Aggrephagy-related LncRNAs index: A predictor for HCC prognosis, immunotherapy efficacy, and chemosensitivity.

机构信息

Department of Clinical Laboratory, Jinhua Municipal Central Hospital, Jinhua, Zhejiang, China.

Department of Ultrasound Medicine, Chongqing University Cancer Hospital, Chongqing, China.

出版信息

Technol Health Care. 2023;31(4):1429-1449. doi: 10.3233/THC-220738.

Abstract

BACKGROUND

Due to the complexity and heterogeneity of hepatocellular carcinoma, the existing clinical staging criterias are insufficient to accurately reflect the tumor microenvironment and predict the prognosis of HCC patients.

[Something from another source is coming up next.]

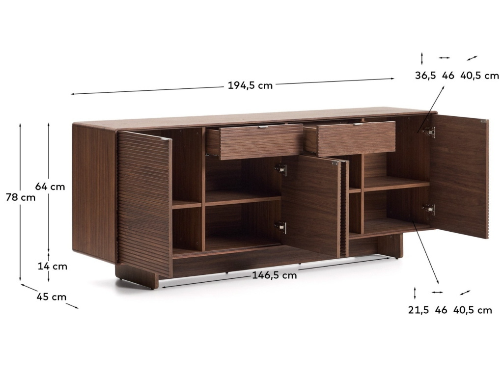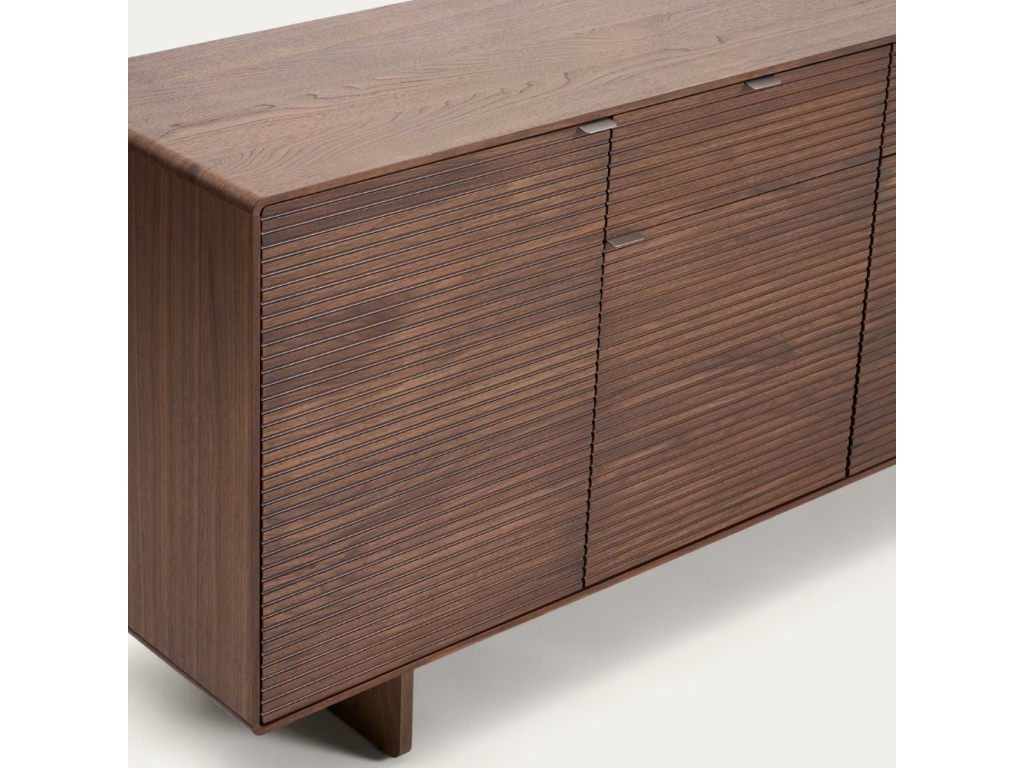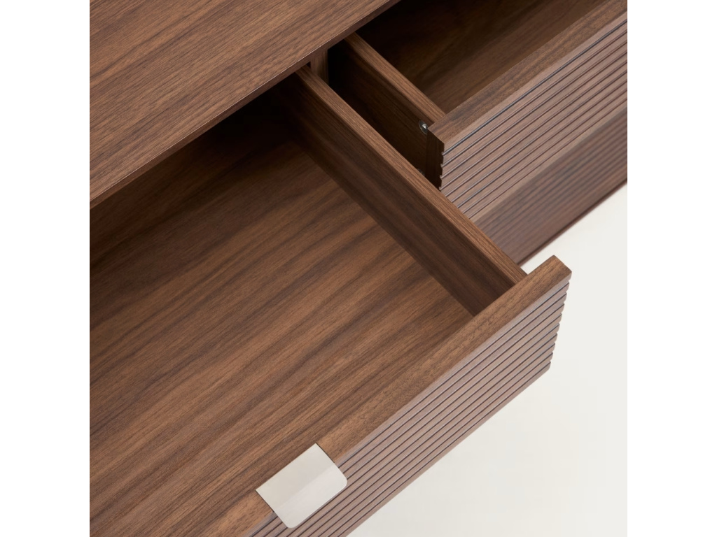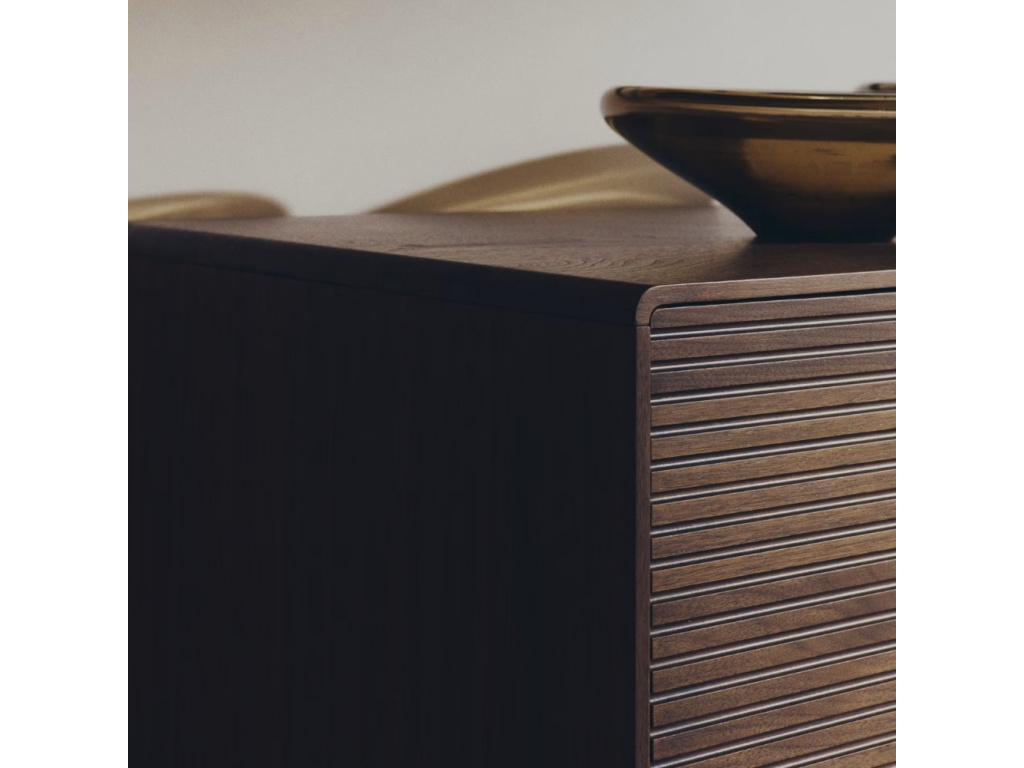Komoda Norlen je elegantní součástí série inspirované designem 50. let, která propojuje vintage atmosféru s moderním pojetím. Tmavá ořechová dýha je na dvířkách ozvláštněna horizontálním frézováním, které se postará o nadčasový dojem. Komoda nabízí praktické úložné řešení, které se přizpůsobí vašim potřebám, aniž by narušilo harmonii designu – dvojice zásuvek a celkem osm uzavřených polic poslouží k uschování věcí, které nechcete vystavovat na obdiv. Díky FSC certifikaci si navíc můžete být jisti odpovědným původem použitého dřeva. Norlen tak není jen komodou, ale promyšleným kusem nábytku, který přinese do interiéru útulnost, funkčnost i možnost dokonale sladit vybraný prostor doplněním dalších produktů ze série.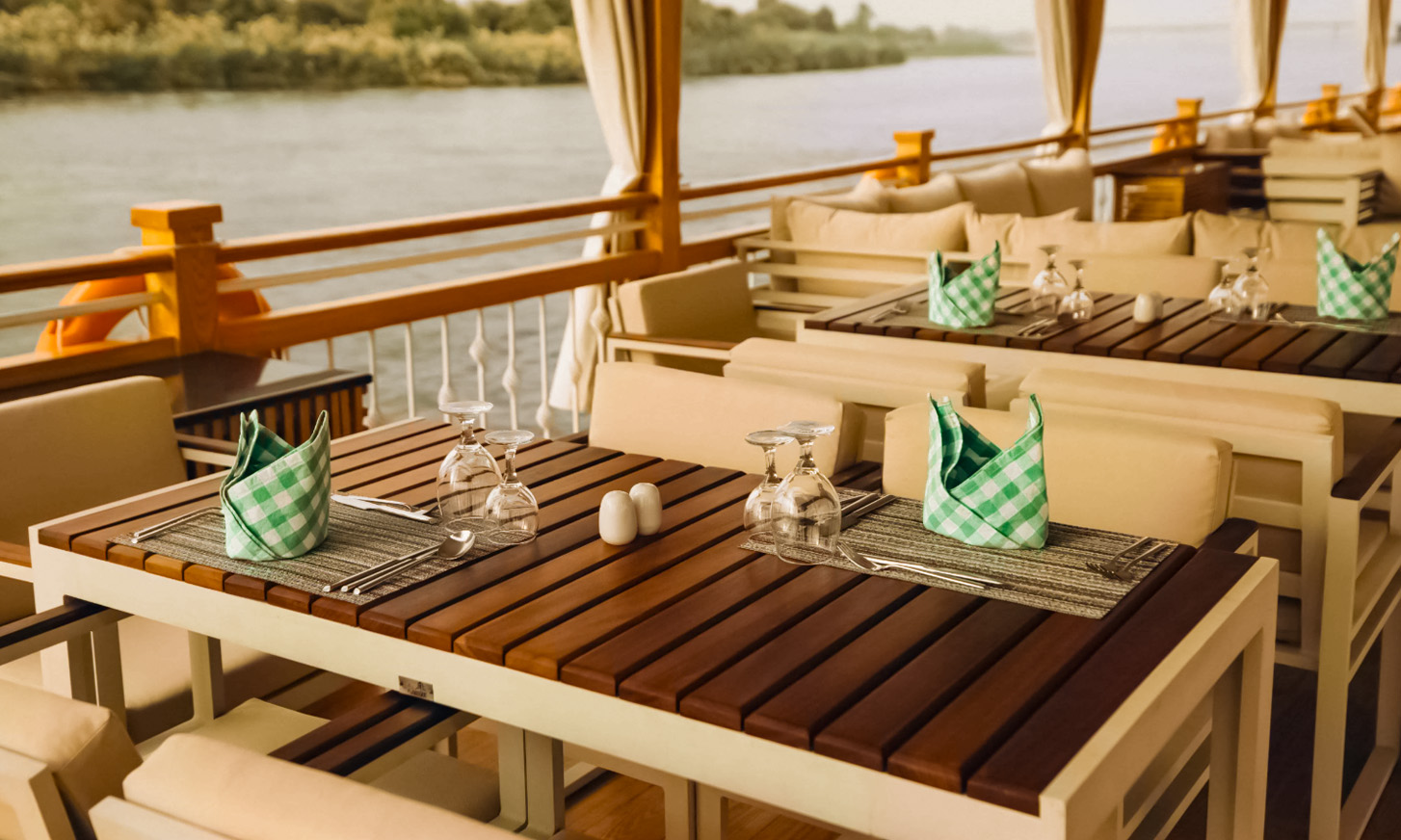 • Suites: The upper-deck suites open onto private balconies, ideal for morning coffee or stargazing over the Nile’s tranquil waters.

Aggrephagy, as a type of selective autophagy, is associated with various phenotypes of malignant tumors.

OBJECTIVE

This study aimed to identify and validate a prognostic model based on aggrephagy-related LncRNAs to assess the prognosis and immunotherapeutic response of HCC patients.

METHODS

Based on the TCGA-LIHC cohort, aggrephagy-related LncRNAs were identified. Univariate Cox regression analysis and lasso and multivariate Cox regression were used to construct a risk-scoring system based on eight ARLs. CIBERSORT, ssGSEA, and other algorithms were used to evaluate and present the immune landscape of tumor microenvironment.

RESULTS

The high-risk group had a worse overall survival (OS) than the low-risk group. Patients in the high-risk group are more likely to benefit from immunotherapy because of their high infiltration level and high immune checkpoint expression.

CONCLUSION

The ARLs signature is a powerful predictor of prognosis for HCC patients, and the nomogram based on this model can help clinicians accurately determine the prognosis of HCC patients and screen for specific subgroups of patients who are more sensitive to immunotherapy and chemotherapy.

摘要

背景

由于肝细胞癌的复杂性和异质性,现有的临床分期标准不足以准确反映肿瘤微环境,预测 HCC 患者的预后。聚集体自噬作为一种选择性自噬,与恶性肿瘤的各种表型有关。

目的

本研究旨在识别和验证基于聚集体自噬相关 LncRNAs 的预后模型,以评估 HCC 患者的预后和免疫治疗反应。

方法

基于 TCGA-LIHC 队列,鉴定了聚集体自噬相关 LncRNAs。采用单因素 Cox 回归分析、lasso 和多因素 Cox 回归分析,基于 8 个 ARLs 构建风险评分系统。采用 CIBERSORT、ssGSEA 等算法评估和呈现肿瘤微环境的免疫景观。

结果

高危组的总生存期(OS)明显差于低危组。高危组患者更有可能从免疫治疗中获益,因为他们的免疫浸润水平更高,免疫检查点表达更高。

结论

ARLs 特征是预测 HCC 患者预后的有力指标,基于该模型的列线图可帮助临床医生准确判断 HCC 患者的预后,并筛选出对免疫治疗和化疗更敏感的特定亚组患者。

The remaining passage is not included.